Directions for this task:
The reply needs the lines from the one containing "Wiz Khalifa addresses" through the end of the material, each repeated exactly, and no pictures.
### Supplied records ###
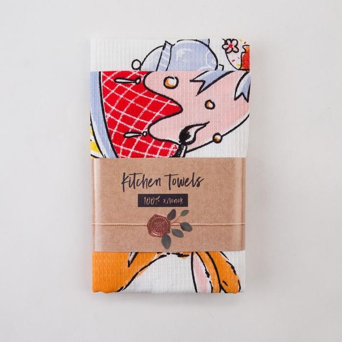 Набор кухонных полотенец Доляна «Пасхальные зайчики», 35х60см-2 шт, 100% хл, вафля 160 г/м2
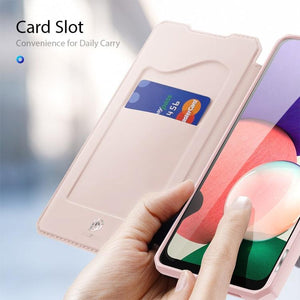 Samsung Galaxy A22 5G DUX DUCIS Skin X Series Horizontal Flip Leather Case Cover with Holder & Card Slots (Pink)
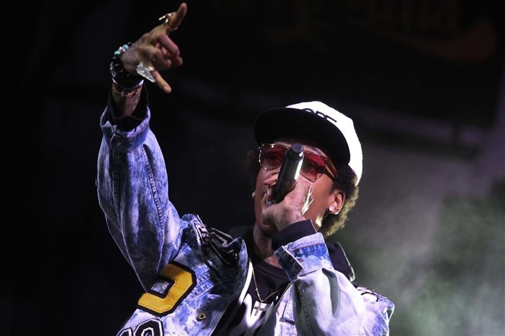 Wiz Khalifa addresses the crowd Friday in the Zeta Beta Tau parking lot. Mark Felix
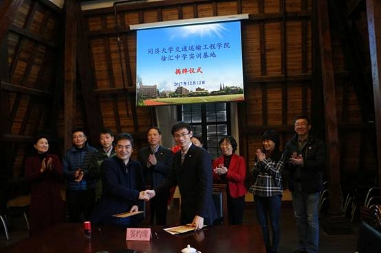 12月12日,同济大学交通运输工程学院与徐汇中学合作共建中学实训基地揭牌仪式在徐汇中学崇思楼举行。我校党委副书记姜富明,徐汇区区委常委、宣传部长吕晓慧,教育局局长庄小凤以及副局长于东航等领导参加了揭牌仪式。
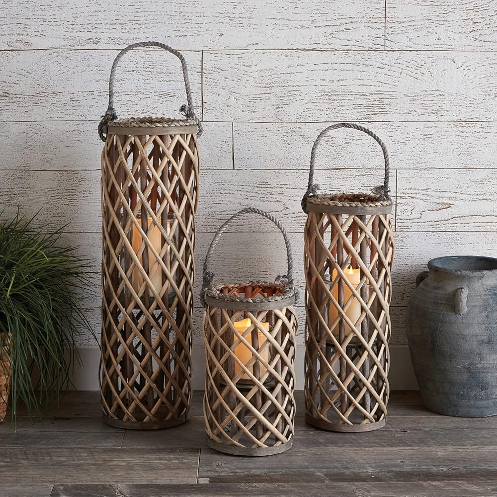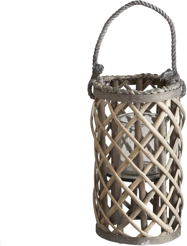 CYLINDER LANTERN CANDLE HOLDER; Slim design with rope handle and glass insert; adds beach house vibes to your home décor
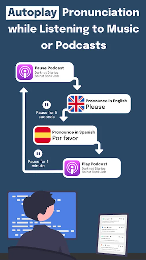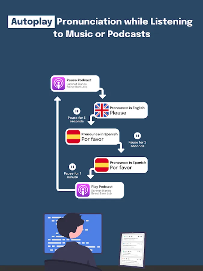 Flashcard autoplay and auto-pronounce loops over your flashcards for times when you cannot use your hands
###
Response to this task:
 Wiz Khalifa addresses the crowd Friday in the Zeta Beta Tau parking lot. Mark Felix
 12月12日,同济大学交通运输工程学院与徐汇中学合作共建中学实训基地揭牌仪式在徐汇中学崇思楼举行。我校党委副书记姜富明,徐汇区区委常委、宣传部长吕晓慧,教育局局长庄小凤以及副局长于东航等领导参加了揭牌仪式。
 CYLINDER LANTERN CANDLE HOLDER; Slim design with rope handle and glass insert; adds beach house vibes to your home décor
 Flashcard autoplay and auto-pronounce loops over your flashcards for times when you cannot use your hands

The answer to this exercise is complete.